After succeeding Graf as manager of the cardiac ICU, DeLong eventually moved to the medical center’s IT department, where she led a team that built the nursing documentation in the first electronic medical record at UCSF. (Years later, when the medical center shifted to its current EMR implementation, DeLong would become the subject matter expert for clinicians in vascular surgery.)

But after moving on to become the Department of Nursing’s informaticist, DeLong suddenly found herself caught between two worlds.

A Career- and Life-Changing Decision

“I would ask my colleagues in IT if they missed the bedside because I was feeling the pull, but I kept thinking I would get used to this.… It was interesting, and I learned a ton,” she says.

There was also the temptation of big money, with an offer from a consulting firm that dwarfed what she could make as a nurse. Yet, as she seriously considered leaving the medical center, she ran into a colleague who helped convince DeLong that her passion was with patients.

So in 2006, DeLong rejected the consulting offer in favor of becoming a nurse manager for vascular surgery, where she began by managing the faculty practice and overseeing the outpatient clinic. The interim chief of vascular surgery encouraged her to begin hiring what would eventually become a broad roster of NPs. “The first two we hired are still here today,” she says.

Perhaps it was her contact with so many NPs, but DeLong found herself restless to pursue more education, and she enrolled in a post-master’s program at the School, where she earned her acute care nurse practitioner (ACNP) credential in 2008.
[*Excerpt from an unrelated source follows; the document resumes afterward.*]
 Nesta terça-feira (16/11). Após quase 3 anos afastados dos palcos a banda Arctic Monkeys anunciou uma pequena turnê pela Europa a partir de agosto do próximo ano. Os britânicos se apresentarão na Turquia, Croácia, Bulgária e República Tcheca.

The additional credential – plus the 2012 departure of the service line director for the UCSF Heart and Vascular Center – wound up giving DeLong additional responsibilities. These include more NPs reporting to her from specialties that range from pulmonary hypertension to heart failure, electrophysiology, adult congenital heart disease and the catheter lab.
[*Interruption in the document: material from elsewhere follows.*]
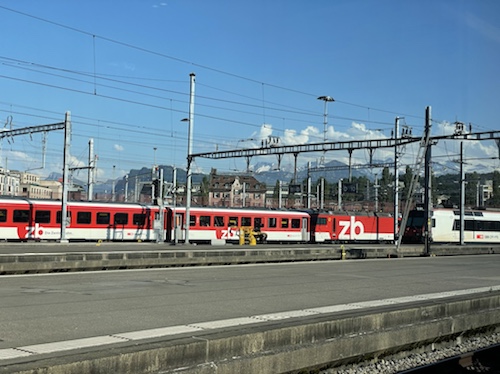 13.33 Uhr – Mit dreißig Minuten Verspätung in Freiburg. Jetzt gibt es aber auf dem letzten Stück einen Oberleitungsschaden mit Streckensperrung. Wir bleiben vorerst auf Gleis 3 stehen. Die App zeigt eine Weiterfahrt um 14 Uhr an. Mal sehen. Ich genieße derweil Brote und Rohkost von zu Hause und bin froh, dass ich noch einige spätere Züge von Basel nach Luzern nehmen kann.

In addition, each year someone from her team precepts an acute care NP student from the School. “They see both the inpatient and outpatient side of things and get to work side by side with attending physicians,” says DeLong.
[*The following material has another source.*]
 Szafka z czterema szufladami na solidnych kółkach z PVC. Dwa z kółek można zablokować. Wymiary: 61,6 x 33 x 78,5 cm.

A Deep Understanding of the Value of Advanced Practice Nursing

All of this movement among various aspects of health care has only deepened her appreciation of the role that nurses and advanced practice nurses play in the system.

“Charlie Mead, who had a real appreciation for what nurses do, once told me: ‘Doctors are the nouns in health care – they name things – and nurses are the verbs; they are the action.’ With an NP, you’ve got both the noun and the verb; you’re really part of the whole continuum,” she says.

She sees that every day at UCSF’s Center for Limb Preservation, where a team of vascular surgeons, podiatrists and specially trained nurse practitioners jointly treat patients with conditions such as infections, nonhealing wounds and peripheral artery disease.

“We had an NP clinic today for all of vascular surgery,” DeLong says. One patient with a fistula was getting his sutures removed. Another with critical limb ischemia had to be seen because the incision from his amputation was bleeding.

“There are all these nuances and steps with this high-risk patient population that is very complex, medically and socially,” she says. “The NPs know these patients through the entire process: surgery through making a plan for next steps, coordinating with other specialties and helping facilitate care for patients who live too far away for frequent visits; the NPs see and manage the entire picture.”